Imagine if we could live that out, how different the world would be right now. We’re looking not just to our own interests, but also to the interests of others.
This is the reason we are still talking about this man 2,000 years later. He was God in the flesh, and He laid it down. One of my favorite passages, this was like hanging above the doorway at my college. I read it every day when I went to class.
He has come to serve, not to be served.
You know what? That’s the antidote to our Achilles heel as well, to take the focus off ourselves, whether you think too highly of yourself, or chances are most likely because you think too lowly of yourself. It’s to get your eyes off yourself and on to God. “God, who have you created me to be? Who have you called me to be? Who have you said that I am?”
Then, with that understanding, you seek to make a difference in the lives of others. You’re a difference maker. And the only way you can make a difference is when you have a right-sized understanding of your identity, your value, and your worth. And the only way you find that is from your heavenly Father.
Appropriate humility is knowing who God made me to be and the difference He is calling me to make in the lives of others.
And I want to encourage you to come back for week two of this, because we’re going to unpack this a little bit more with three promises that pride makes that it can never deliver, as we seek to understand our Achilles heel and prevent it from taking us down.

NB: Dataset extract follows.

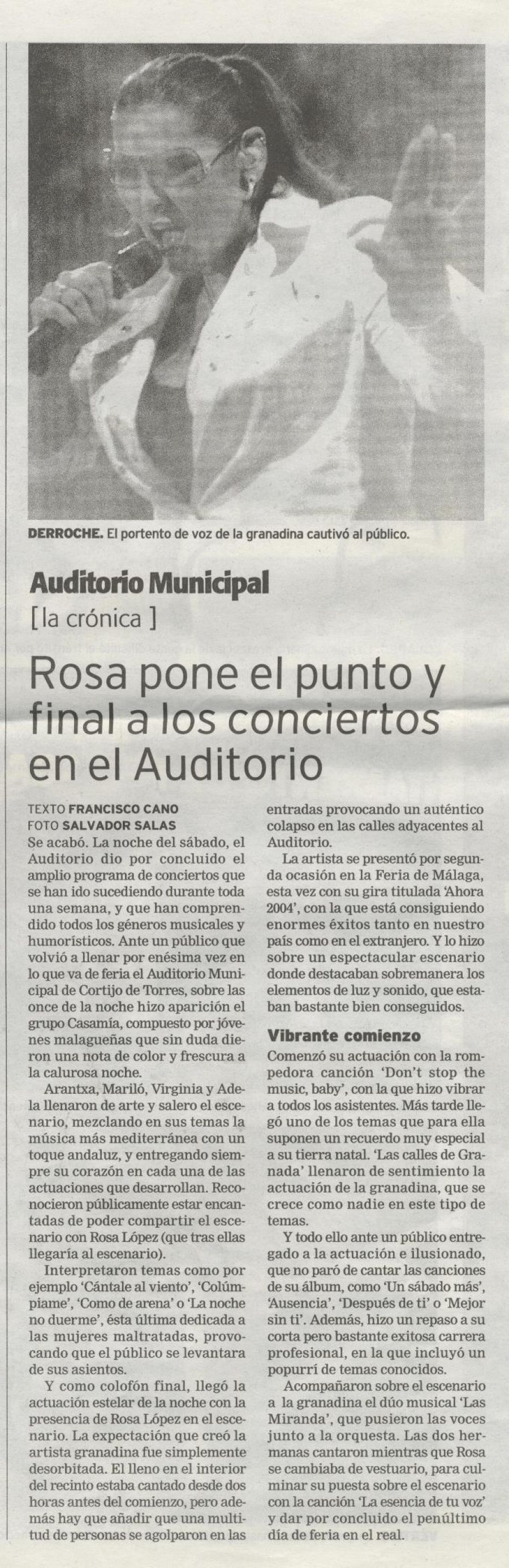 Rosa pone el punto y final a los conciertos en el AuditorioSur23/08/2004Escaneada por Rosamania
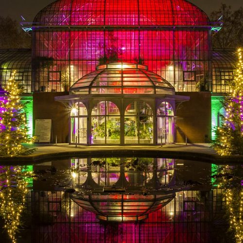 Palmengarten Frankfurt mit winterlichen Lichtinstallationen

Father, as we begin to walk through this subject matter, I pray You would use this content in a powerful way. That in all of our lives, mine included, that we would recognize that we needed this maybe even more than we realized we needed it. Because we just don’t hear this message very much in the society in which we live. We’re either encouraged to think too much of ourselves, or because of the criticism of others, we may think too lowly of ourselves.

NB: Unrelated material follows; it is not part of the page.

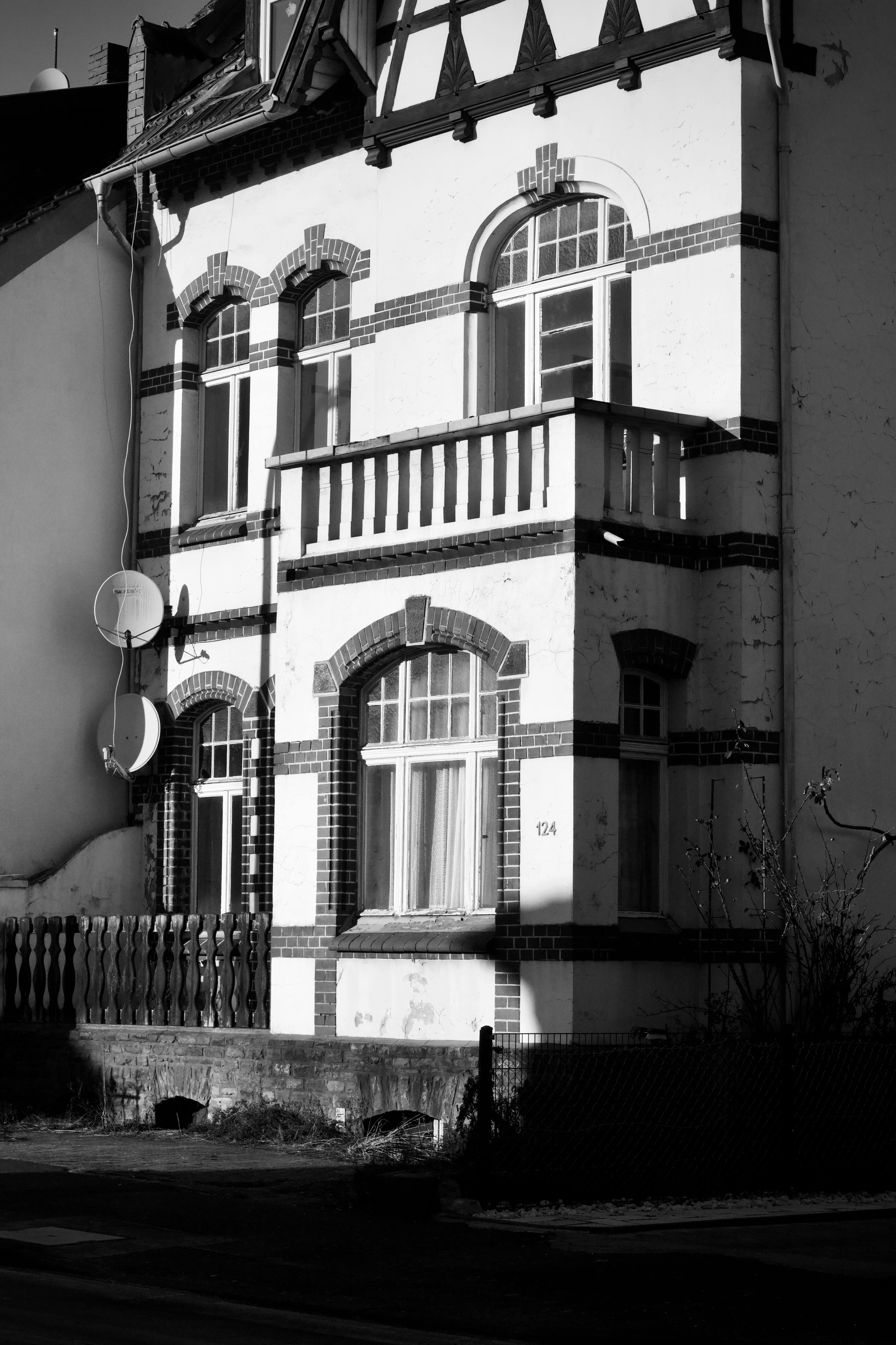 Black and white photo of a historic European building with brick details and balconies.
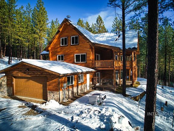 This custom log home is designed for comfort & entertaining. Nestled in trees on corner lot in premier subdivision. Featuring rich pine walls, knotty alder doors, log accents, artfully crafted wood & epoxy countertops surrounding copper sinks in kitchen & bathrooms. The main living room offers a cozy woodstove with vaulted ceiling. The log stairs lead to a loft living area with a bedroom & two flexible rooms that can serve as bedrooms or offices. The lower level has another large rec living area with beautiful 10' wet bar. Relax in the hot tub & immerse yourself in the natural surroundings. Enjoy covered decks perfect for gatherings plus 2 fire pits (wood & propane). 16x24 heated & insulated detached shop + 10x12 wood shed is included along with a whole-house generator & reverse osmosis filter in the kitchen. The exterior logs have recently been stained. There are newly planted decorative trees around the property. Visit the quaint, historic Town of Crouch just a couple miles away. Easy drive to Boise.

God, I just pray that we could hear very, very clearly from You as to who You say we are, who we now are in Jesus, so that we can be confident, not arrogant. We can be servants, not having a lowly understanding of who we are, but having a right-sized understanding of who we are and recognizing that each and every one of us has a plan and purpose that You’ve ordained for us to have to add value to this world and the lives of others. That’s how Your Kingdom comes, as we seek to be Your representatives to others.
So, Father, I pray that right now You’ll be pleased with our worship as we conclude here today. We ask this in Jesus’ name. Amen.